#### Source records ####

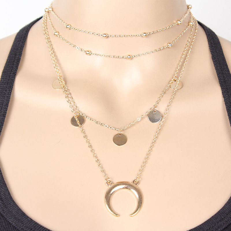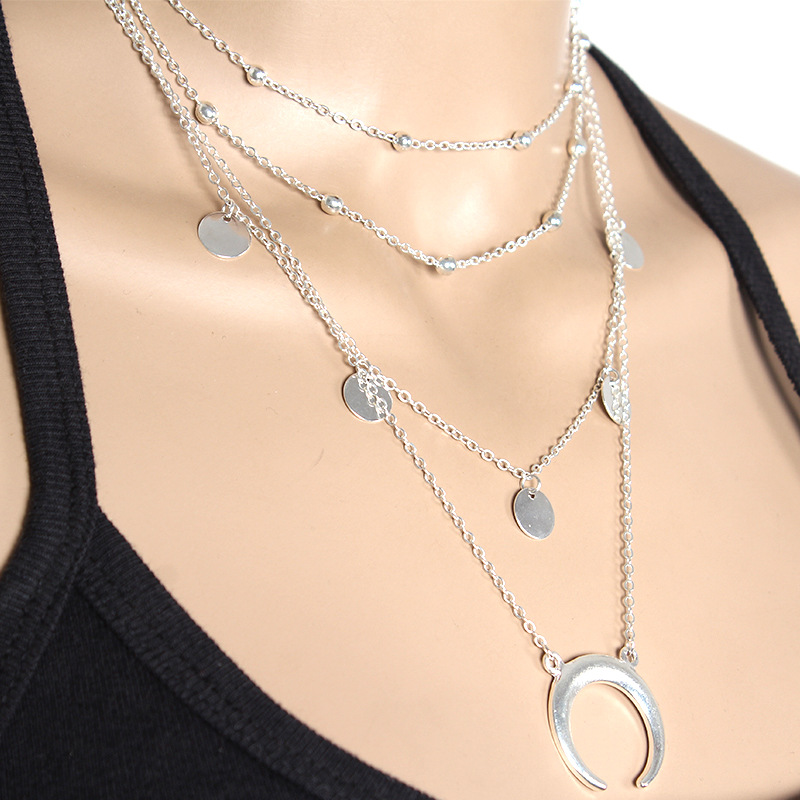 | nameOriginal | New European and American cross-border jewelry fashion metallic sequined moon pendant layered necklace |
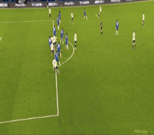 第55分钟,桑切斯送出长传,加纳乔利用速度甩开奥布莱恩,直面皮克福德,但最后的射门却打高了。
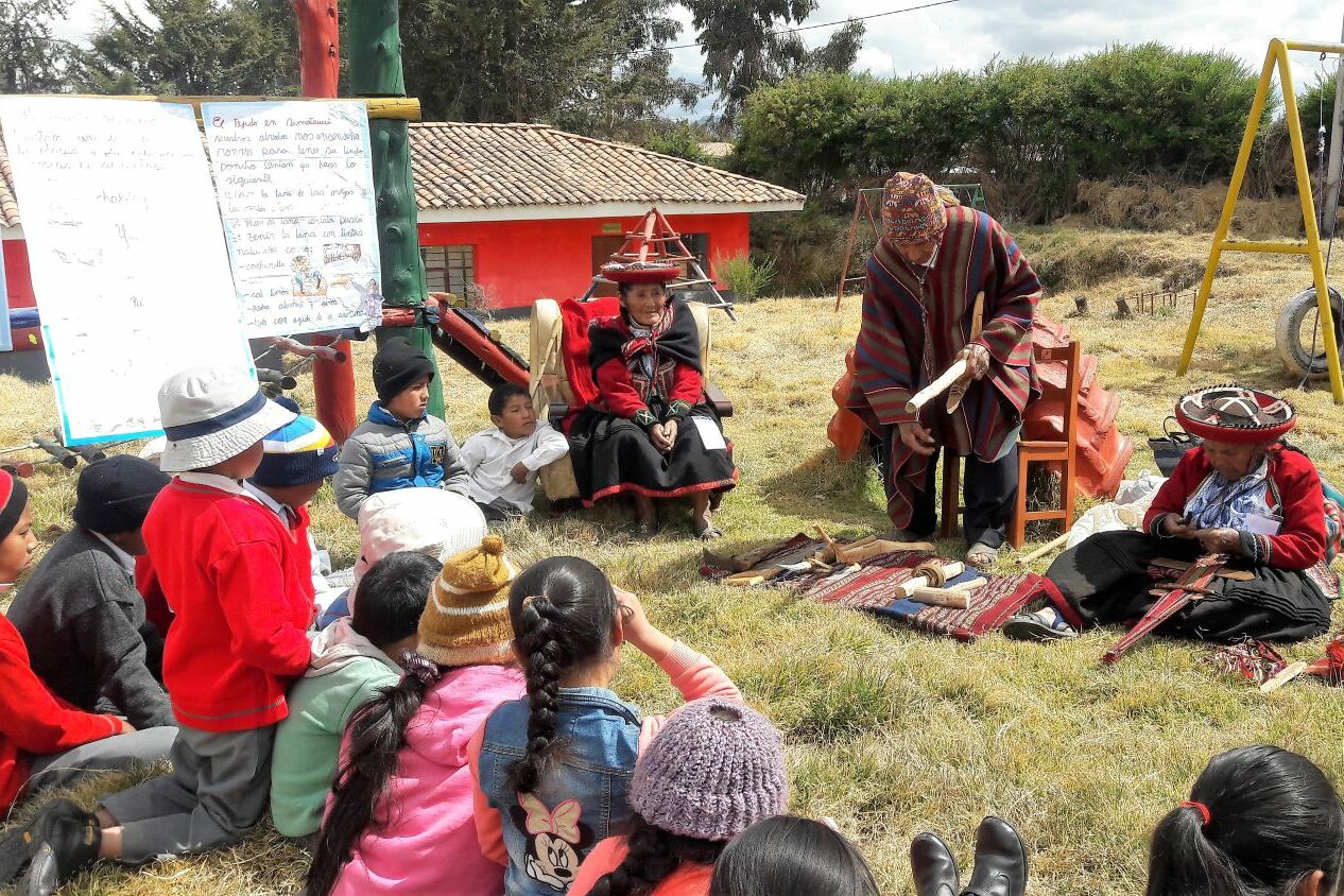 "In der andinen Kultur", berichtet Lizbeth Escudero López, "wurden alte Menschen sehr geachtet. Wissen wurde mündlich von einer Generation an die nächste weitergegeben. Heute gelten die alten Menschen vielfach nichts mehr. Und doch haben sie uns so viel zu sagen. Sie sind die Hüter*innen der andinen Kultur, sie kennen unsere Mythen und Legenden, die andine Vorstellung vom Kosmos, kennen vielfach noch Heilkräuter oder Techniken wie das traditionelle Spinnen, Weben, Färben, das Knüpfen von Teppichen. Sie wissen, wie mit einfachsten Werkzeugen der Boden zu bearbeiten ist, wie lokales Saatgut gepflegt wird." Um Großeltern Anerkennung zu zollen, ihnen wieder Selbstbewusstsein zu geben und ihr Wissen an die junge Generation zu übertragen, startete sie das Projekt "Abuelos Yachay – die weisen, lehrenden Großeltern."
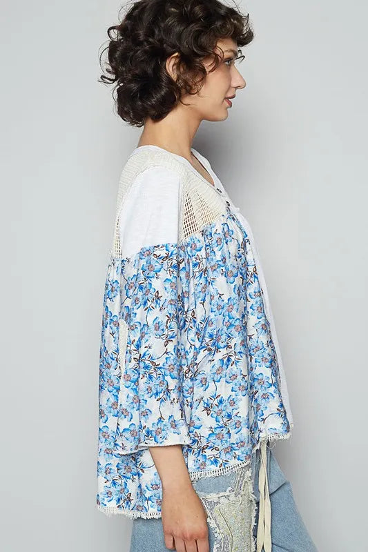 A Washed Floral Print Crochet Detail Top is a stylish and casual top that features a floral print and crochet detailing. The "washed" typically refers to a garment treatment that gives it a slightly faded or vintage look. This type of top is perfect for a relaxed and bohemian-inspired look. The floral print adds a feminine touch, while the crochet detailing adds a charming and delicate element to the design. You can pair this top with jeans, shorts, or a long skirt for a laid-back yet fashionable outfit.
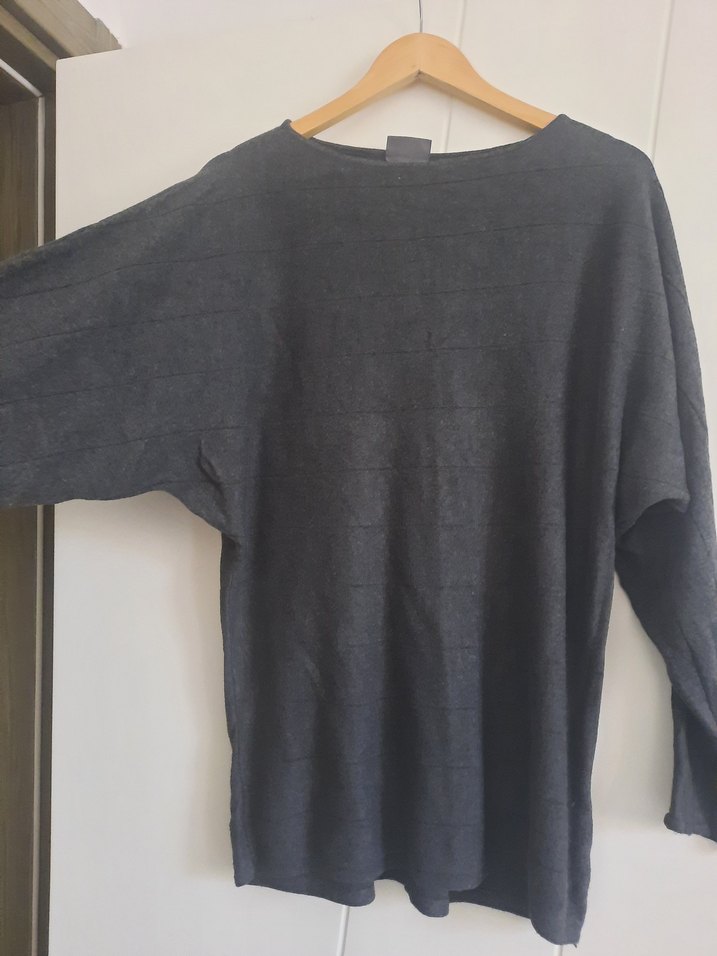 Gri renkte, uzun kollu ve salaş kesim kadın kazak. Yarasa kol ve midi boyda, günlük rahat kullanıma uygun şık bir parça.
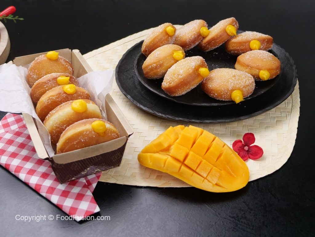 -Fit a piping bag,fill with prepared mango curd into each donut & serve! (Makes 10-12)
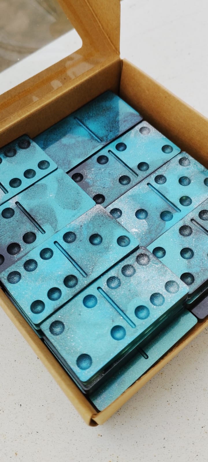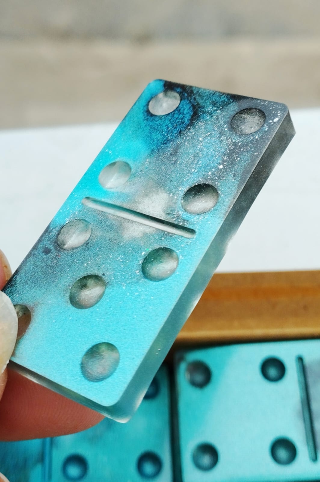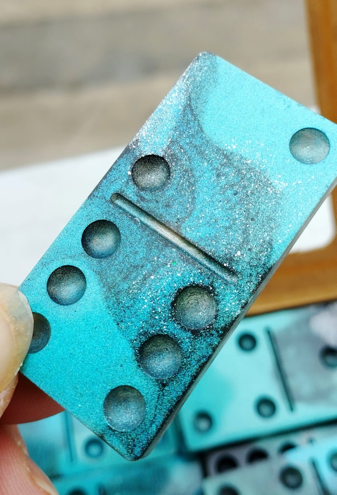 Domino z epoxidové pryskyřice s designem perleťových barviv černá/zelená a stříbrný prach.

####

> [Task to complete]: Restate the records in full and word for word, but keep the pictures out.

> [Finished exercise]:
 | nameOriginal | New European and American cross-border jewelry fashion metallic sequined moon pendant layered necklace |
 第55分钟,桑切斯送出长传,加纳乔利用速度甩开奥布莱恩,直面皮克福德,但最后的射门却打高了。
 "In der andinen Kultur", berichtet Lizbeth Escudero López, "wurden alte Menschen sehr geachtet. Wissen wurde mündlich von einer Generation an die nächste weitergegeben. Heute gelten die alten Menschen vielfach nichts mehr. Und doch haben sie uns so viel zu sagen. Sie sind die Hüter*innen der andinen Kultur, sie kennen unsere Mythen und Legenden, die andine Vorstellung vom Kosmos, kennen vielfach noch Heilkräuter oder Techniken wie das traditionelle Spinnen, Weben, Färben, das Knüpfen von Teppichen. Sie wissen, wie mit einfachsten Werkzeugen der Boden zu bearbeiten ist, wie lokales Saatgut gepflegt wird." Um Großeltern Anerkennung zu zollen, ihnen wieder Selbstbewusstsein zu geben und ihr Wissen an die junge Generation zu übertragen, startete sie das Projekt "Abuelos Yachay – die weisen, lehrenden Großeltern."
 A Washed Floral Print Crochet Detail Top is a stylish and casual top that features a floral print and crochet detailing. The "washed" typically refers to a garment treatment that gives it a slightly faded or vintage look. This type of top is perfect for a relaxed and bohemian-inspired look. The floral print adds a feminine touch, while the crochet detailing adds a charming and delicate element to the design. You can pair this top with jeans, shorts, or a long skirt for a laid-back yet fashionable outfit.
 Gri renkte, uzun kollu ve salaş kesim kadın kazak. Yarasa kol ve midi boyda, günlük rahat kullanıma uygun şık bir parça.
 -Fit a piping bag,fill with prepared mango curd into each donut & serve! (Makes 10-12)
 Domino z epoxidové pryskyřice s designem perleťových barviv černá/zelená a stříbrný prach.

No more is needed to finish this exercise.